If we want to do something, we need to address what it is that’s holding back people from different ethnic backgrounds. An assumption seems to have been made that it’s all down to simple discrimination, but is that right? Can we reasonably assume that the ethnic (and indeed gender) make up of a particular interest group or industry should exactly match that of the general population? I wonder whether that lack of ethnic diversity in the industry might not be as much down to two other factors.

  1. Culture.
    I know that people from East Asian cultures have a history of preferring apartments to houses. In Sydney, for instance, Chinese people account for a large part of the market for apartments. Might it be possible that people from a culture where domestic gardens are a rarity might be less inclined to think of gardening as a career? And my experience of South Asian communities in the UK suggests a significantly lower proportion of households show an interest in their garden. Please correct me if you think I’m mistaken. I don’t have sufficient knowledge of Afro-Caribbean communities to know whether the same is true there.

    These are generalisations – I know there are a lot of people from minority ethnic and cultural backgrounds who have a love of gardening and plants. Many will already be working in the industry. Others may be keen to enter it. From watching Gardeners’ World on the BBC for many years it seems as though allotment holders are a very diverse bunch, although ethnic minorities may have been disproportionately represented because of their great ingenuity and skill in growing produce that is more exotic, and therefore interesting, than the usual peas and beans.

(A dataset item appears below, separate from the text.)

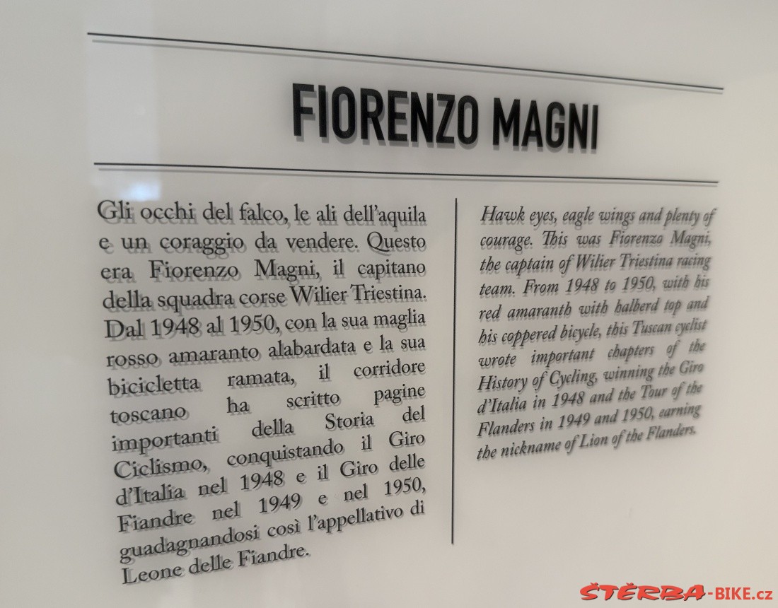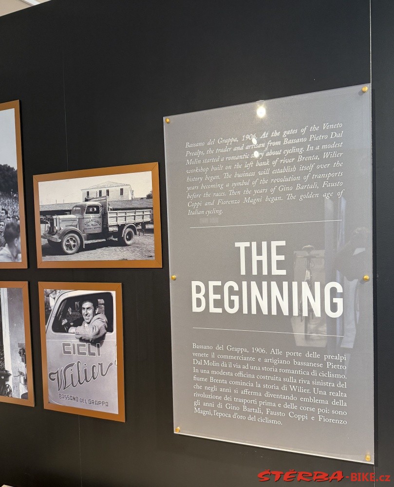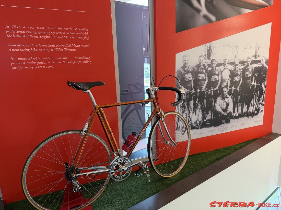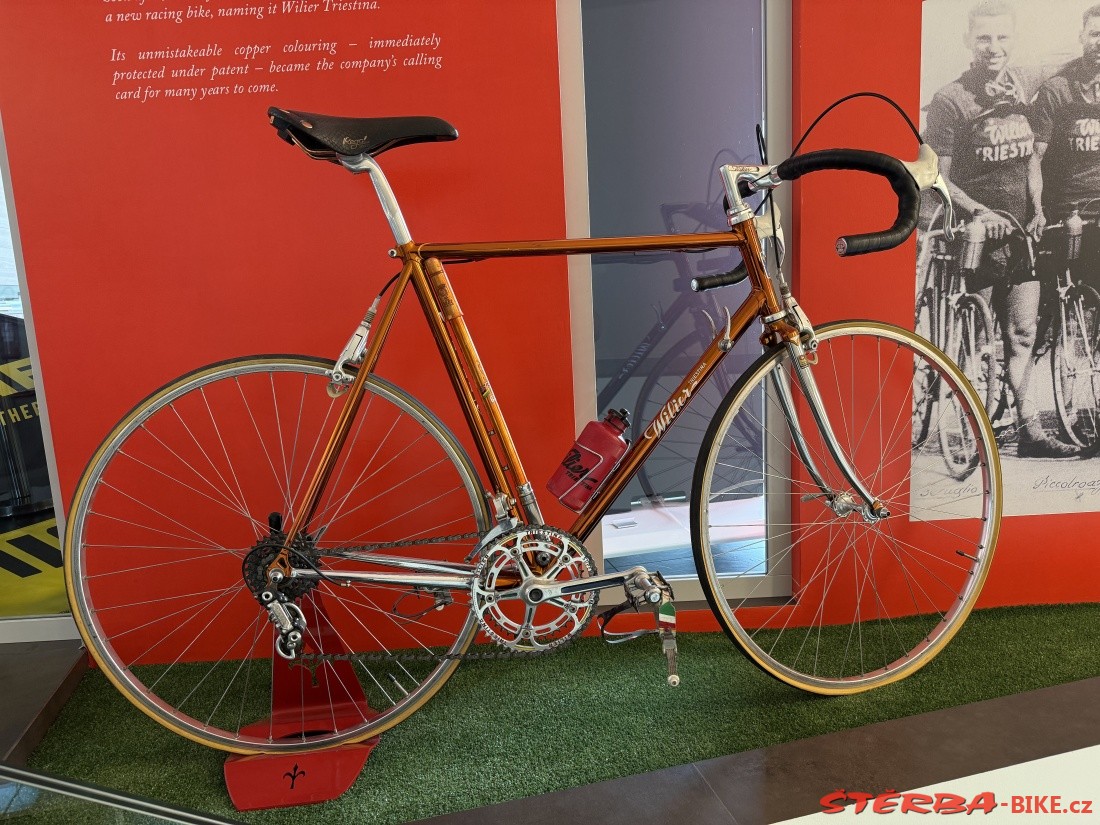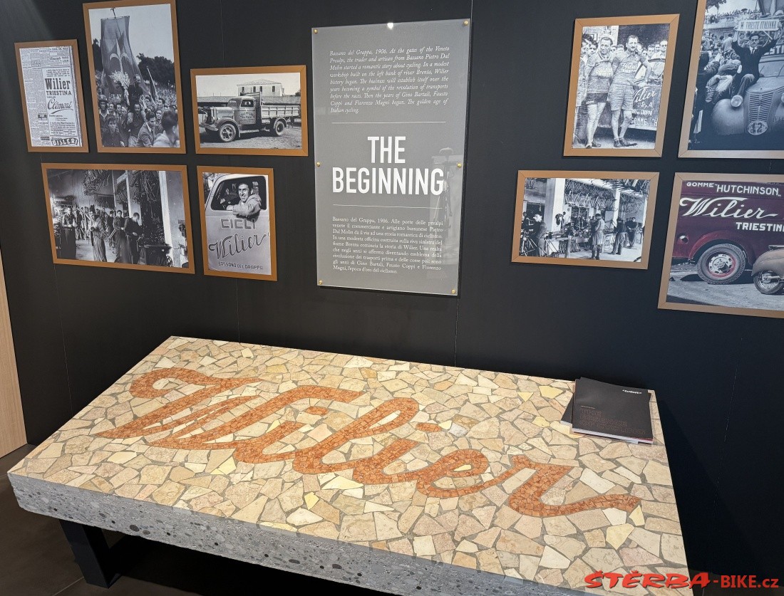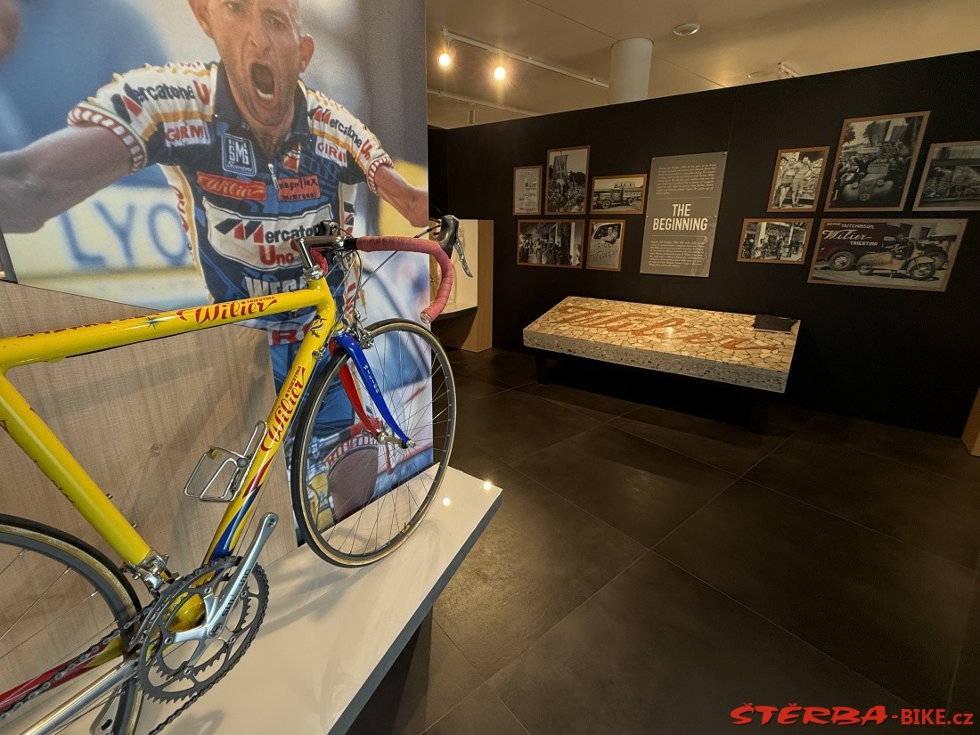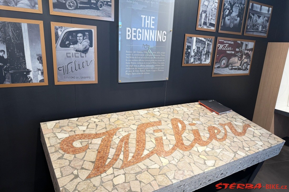 Pietro Dal Molin from Bassano del Grappa took over the English brand Wilier in 1906 and started producing bicycles in Italy. The factory in Rossano Veneto has a long tradition and is constantly expanding. The company has changed hands several times over its long history, but has always tried to build its promotion on cooperation with cyclists and bicycle racers. The showroom in the factory stores and proudly displays a cross-section of products from historic sports bikes to current production.
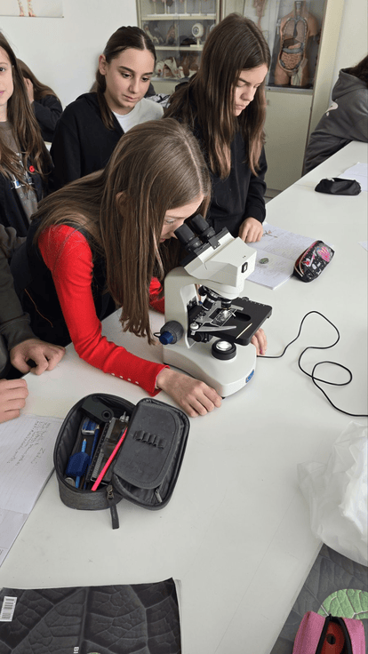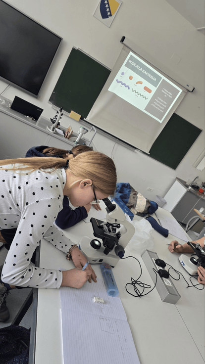 Učenici sedmog razreda su na redovnim časovima biologije učestvovali u zanimljivim i edukativnim laboratorijskim vježbama. Tokom laboratorijskog rada, učenici su posmatrali bakterije pod mikroskopom, upoznavajući se s njihovim oblikom, veličinom i osnovnim karakteristikama.

    One of the main aims of the RHS is to enthuse people in gardening and plants. It may be people from some cultural backgrounds present more of a challenge, but it must be worth making an extra effort, because plants, gardens and the natural world should be an integral part of all our lives, whatever our background.
  2. Class.
    A thorny issue, this one, but from my perspective it looks as if the industry is dominated by the plummy accented and the double-barrelled; the spouses and offspring of those who have already made it to the top. Could it be the colour of your skin is far less important than who you know, and what school you went to? This is probably true across much of society. Most opportunities that arise find their way to the privileged. If what we hear is true – that ethnic communities are on average considerably less wealthy, and less privileged than the indigenous white communities, then the class system will be a huge barrier to people from ethnic minority backgrounds getting the breaks; a huge obstacle in the way of equality.
Perhaps we need to be more like chickens – my mob don’t appear to have any prejudice against visual differences. Although the two bigger hens do tend to pick on Lola; the little bantam.

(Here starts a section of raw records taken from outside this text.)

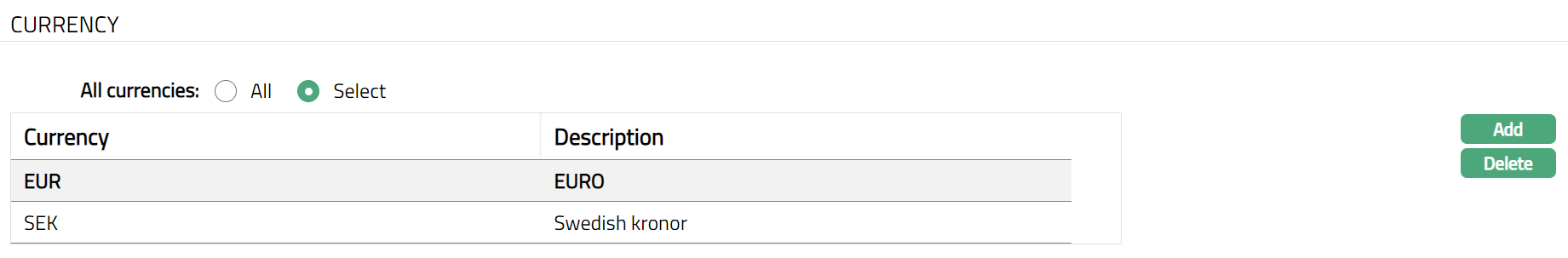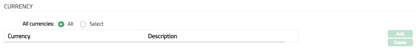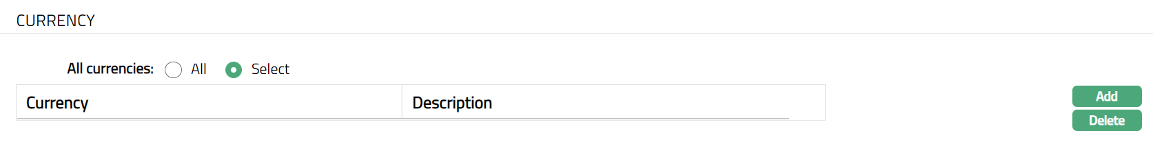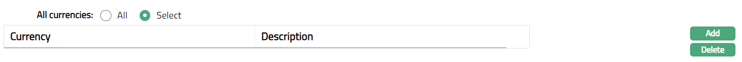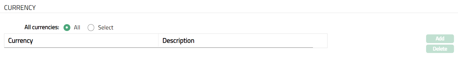 To restrict the currencies for which this Transaction default is available, click Select radio button. Add button will be enabled.
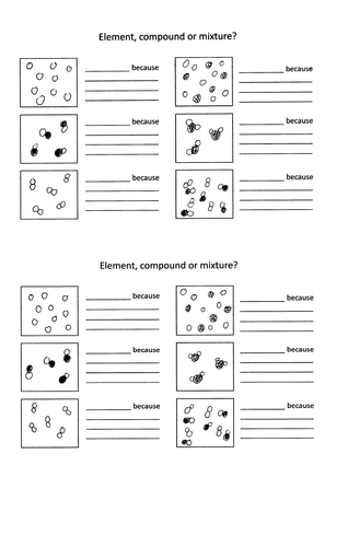 Element compound mixture worksheet answers. Element Compound And Mixture Worksheet Answers These compounds are composed of positive and negative ions formed by adding or subtracting electrons from neutral atoms and molecules. Technology and society impact each other. Click on the title... Elements Compounds Mixtures Worksheet Answers March 15, 2022 admin Fantastic Elements Compounds Mixtures Worksheet Answers - These traits flip worksheets into calculators, form-creation instruments, databases and chart-makers. Besides offering these advantages, worksheet information is straightforward to entry from different programs. Elements And Compounds Worksheet Answers - Agaliprogram Elements And Compounds Worksheet Answers. A mixture is a group of elements or compounds that interact but don't bond, and which are still distinct by physical means. A pure substance containing only one kind of __atom____. Elements & compounds worksheet from A mixture of two compounds two types of compounds. Element, Compound or Mixture? Worksheet | Beyond This worksheet tasks your students with labelling different particle models as an element, compound or mixture. This helps them familiarise themselves with key KS3 Chemistry concepts as well as serves as an introduction to reading particle models.With an included answer sheet, marking your students' work is simple and quick, making sure you can give your students the key support they need as ...
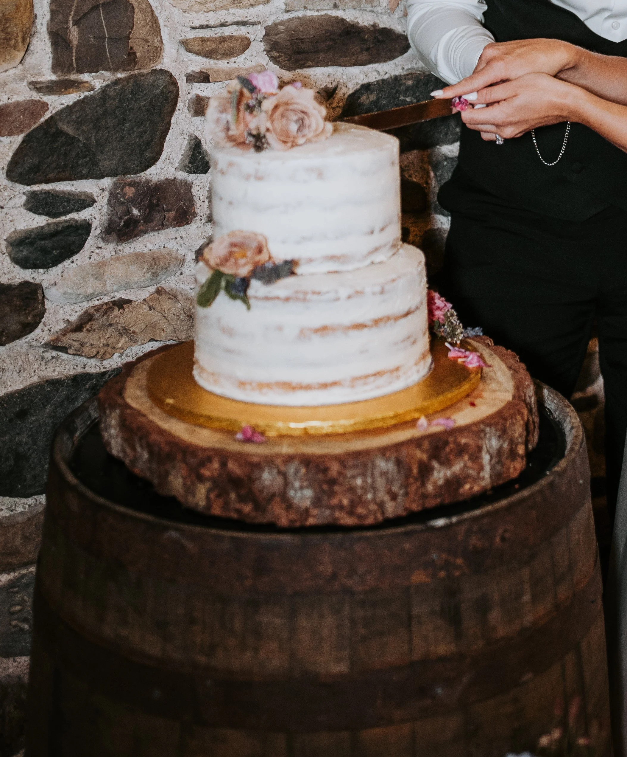 Vintage whisky barrel with beautiful aged wood tones. Ideal for use as a cake table, floral display, or drinks station. A timeless accent with rustic charm. 1 available.
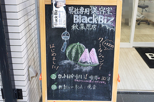 取材中に見かけた黒板アートをご紹介。ブラックビズ 秋葉原駅昭和通り口店は、夏に合わせた涼しげなイラストとともに+120円でクールシャンプーのオプションが選択できる事をアピール。
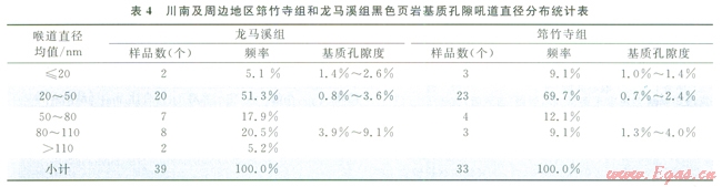 2.2 筇竹寺組成巖作用強(qiáng),頁(yè)巖孔隙直徑整體變小,進(jìn)而導(dǎo)致基質(zhì)孔隙度降低
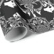 White: Used for shapes, patterns, and highlights, the white contrasts sharply against the black, emphasising the artwork's features.
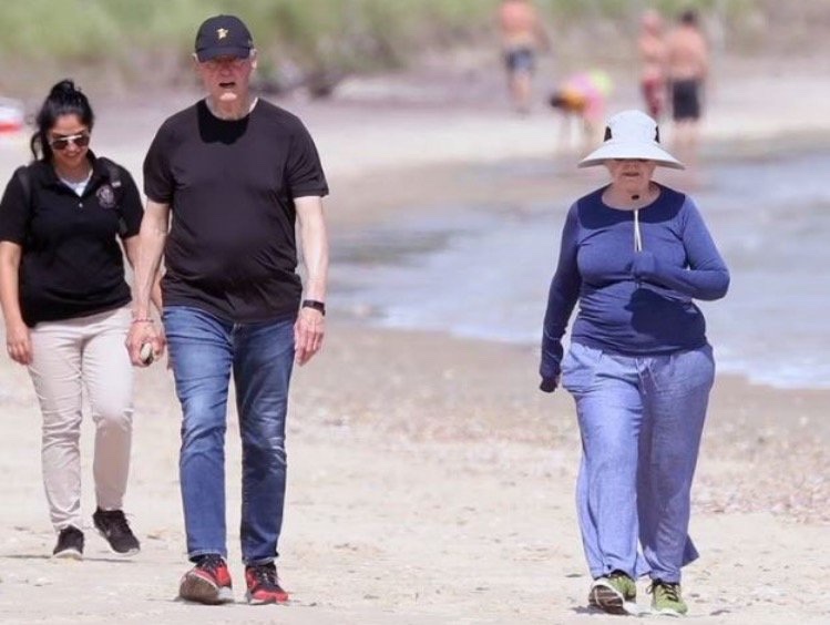 Bill y Hillary Clinton fueron vistos el martes dando un paseo por la playa en los Hamptons.

Could it be that gardening – horticulture in general – is something that those of us in the racial category ‘white European’ have a particular interest in – an interest that isn’t generally shared by people from other groups? Is it the class system that’s holding people of other denominations back – jobs for the boys; nepotism, a game the whole family can play? Or is there a sinister shadow of racism lurking among the herbacious borders? Personally, I’ve not experienced or witnessed any discrimination in the industry, but up until now at least, I haven’t got out much. What, if any, experiences have you had?